How Does This Apply to Academia?
Modern academic publishing has many mechanisms to protect people’s egos, and very few mechanisms to encourage—or at least theoretically allow—corrections to materials that are out there. Moreover, it treats making corrections as something of a black mark. Even ignoring that, in an era of publish-or-perish—yet another facet of the tyranny of metrics—academics are incentivized to do new work, not to make sure their old work holds up. If I had a set of recommendations for academic publishing, they would focus around this part of the chain: making public peer reviews a real thing, and one that can easily lead to changes. We’re no longer running out of paper, and we no longer need to gatekeep the way we have been.
The other lesson is to embrace integrated evidence synthesis, rather than aiming for perfection with a finely tuned monoculture:
After all, reality is singular, and all valid evidence must ultimately point in the same direction. I don’t mean “same direction” as in a binary “yes/no” answer to a question about a drug working, but a nuanced multi-dimensional answer about why, when, and who might benefit from an intervention. What I’ve seen of modern medicine is an attempt to throw away as much evidence as possible so that what’s left can be declared “the answer,” when in fact much more can be done to integrate all the signals available into a coherent picture that makes sense.
Part of the reason I’ve dug into the TOGETHER trial as much as I have is that it’s not enough for me to just say “Yeah well, it was fraud and the investigators were on the take.” That’s easy to do, but that’s something anyone can do with any piece of evidence. Even if there was some type of corruption involved, it’s important to understand what exactly went wrong, and how the data coming out of that trial might be reconciled with what we know from other sources.
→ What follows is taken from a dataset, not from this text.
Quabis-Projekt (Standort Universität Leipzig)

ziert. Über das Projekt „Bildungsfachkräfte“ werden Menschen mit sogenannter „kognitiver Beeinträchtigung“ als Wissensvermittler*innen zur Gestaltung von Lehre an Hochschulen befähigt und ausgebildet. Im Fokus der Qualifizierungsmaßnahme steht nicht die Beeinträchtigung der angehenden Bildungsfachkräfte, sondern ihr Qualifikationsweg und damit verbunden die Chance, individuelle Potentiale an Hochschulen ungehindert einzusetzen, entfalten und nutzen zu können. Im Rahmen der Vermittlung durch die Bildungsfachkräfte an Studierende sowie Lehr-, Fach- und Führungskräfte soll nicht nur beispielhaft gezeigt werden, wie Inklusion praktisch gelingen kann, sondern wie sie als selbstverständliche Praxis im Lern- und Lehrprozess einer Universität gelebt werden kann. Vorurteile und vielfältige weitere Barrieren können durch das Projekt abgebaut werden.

The two approaches work together by surfacing more inconsistencies for correction. We can then examine how well the various scientists react to criticism of their work—especially when that criticism is valid. Sadly, right now, the answer to this question is abysmal. As things stand, the default response by various scientists is to stonewall any inquiries, and try to win the argument by playing for compassion. It’s no wonder the predictions of the official “voices of science” have worked out far worse than the “conspiracy theorists” (don’t @ me) during the pandemic, seeing as all the incentives nudge in favor of the thing that will help actual scientific progress the least.
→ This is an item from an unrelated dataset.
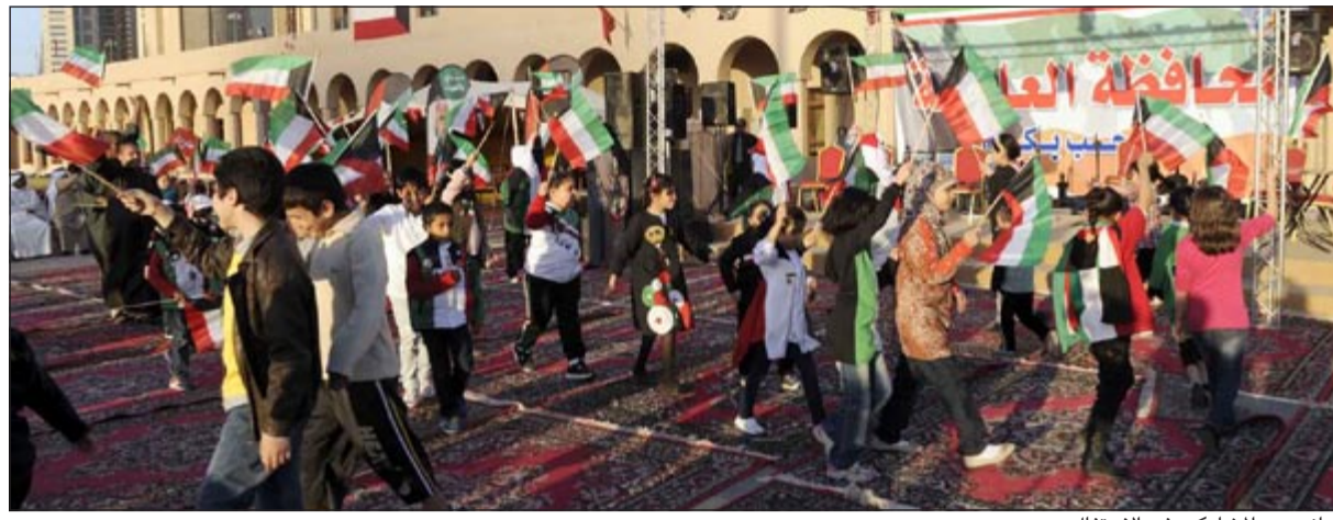
جانب من المشاركين في الاحتفال

So these are my main scientific takeaways:
Encourage signal diversity and synthesis, not monocultures, and…
…make it easy for scientists to work in the open and improve or evolve their positions as feedback comes in. The wall between scientists and the real world isn’t coming back, and that doesn’t have to be a bad thing.
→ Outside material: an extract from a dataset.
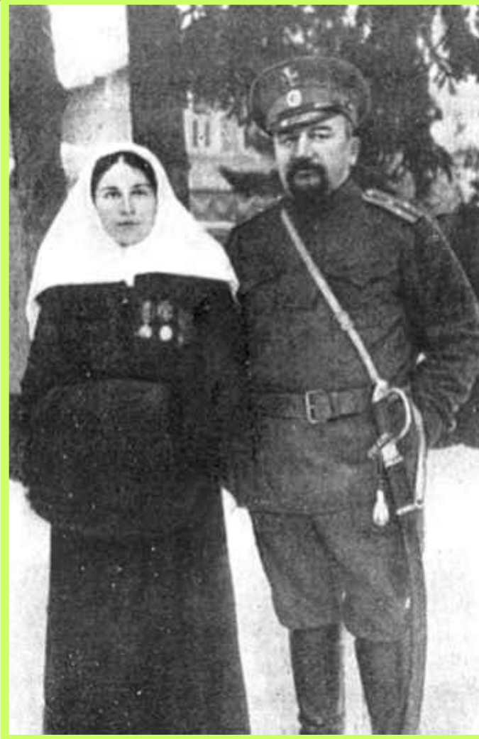
А.И.КУПРИН И Е.М.КУПРИНА

Encourage reasoned dissent, and value the cost born by those who practice it. And whatever you do, do not ostracize for disagreement with the orthodoxy.
Oh, and, stop abusing statistical screens as ways of jumping to conclusions. That was never going to end well.
This will not solve everything, but it sure as hell would be a huge step forward.
You're on fire. I'm going to incorporate some of your thinking on consilience into my eventual essay on handling skepticism... good stuff.
Great work Alexandros.
The behaviour of the medical community, and some of those to whom you have drawn attention in this essay, was eye-opening, to say the least, and not in a good way.
Very pleased that you have proposed a better alternative to the current, failing, model.